Since we want xbar to be within 1 point of μ, we can consider this as 1 standard deviation. Therefore, we need to find the standard deviation x such that 99.7% of xbar values fall within 1 point of μ.

Using the empirical rule, we know that 99.7% corresponds to 3 standard deviations. Thus, we can set up the following equation:
3x = 1

Solving for x, we get:
x = 1/3

Therefore, the standard deviation x must be 1/3.

(b) To reduce the standard deviation of xbar to the value found in part (a), we need to determine the sample size (n).

The formula for the standard deviation of xbar (σxbar) is given by:
σxbar = σ / √n

We want σxbar to be equal to 1/3 (found in part (a)). Therefore, we can set up the equation:
1/3 = 6.4 / √n

Solving for n:
√n = (6.4 * 3) / 1
√n = 19.2
n = (19.2)^2 = 368.64

Therefore, we need a sample size of at least 369 students in order to reduce the standard deviation of xbar to the desired value.

To estimate the mean score (μ) of those who took the Medical College Admission Test, we will obtain the scores of a Simple Random Sample (SRS) of students. From published information, we know that the scores are approximately normally distributed with a standard deviation of 6.4.

(a) To estimate μ with an error of no more than 1 point in either direction, we want our sample mean (x̄) to fall within 1 point of μ. Using the 68–95–99.7 rule, we know that approximately 99.7% of all samples will fall within 3 standard deviations of the population mean.

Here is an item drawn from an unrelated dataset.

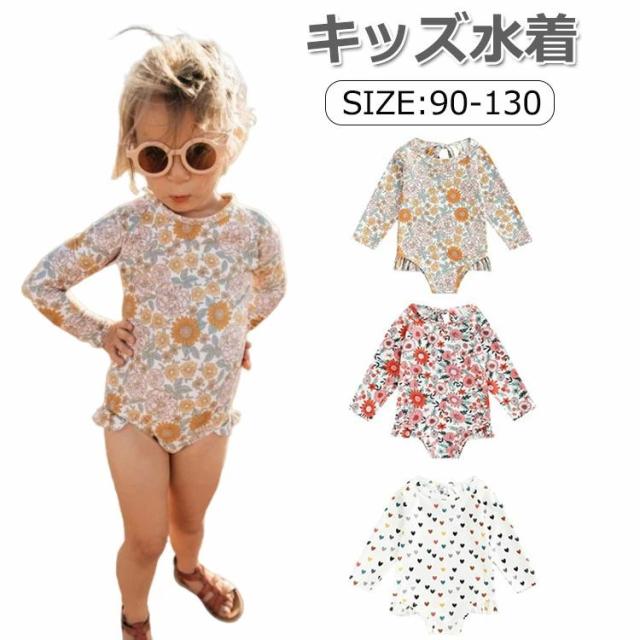 キッズ 水着 ワンピース 子供 女の子 キッズ水着 花柄 ハート柄 90 100 110 120 ベビー水着 日焼け止め ガールズ ラッシュガード 幼稚園 女児 ガールズ 水遊び プール 海 体型カバー 可愛い お洒落 スイミング 練習 旅行 水遊び

Therefore, we need to find the standard deviation (σ) of x, so that 99.7% of all samples give an x̄ within 1 point of μ. Since 3 standard deviations cover 99.7% of the samples, we set up the following equation:

3σ = 1

Now we solve for σ:

σ = 1/3

So, the standard deviation of x must be 1/3.

(b) To reduce the standard deviation of x̄ to the value found in part (a), we need to determine the required sample size.

The standard deviation of x̄, also known as the standard error (SE) of the mean, is given by σ/√n, where n is the sample size. We want σ/√n to be equal to 1/3.

Therefore, we set up the equation:

1/3 = 6.4/√n

Now we solve for n:

√n = 6.4/(1/3)
√n = 6.4 * 3
√n = 19.2
n = (19.2)^2
n ≈ 369.64

So, we need a sample size of at least 370 in order to reduce the standard deviation of x̄ to the value found in part (a).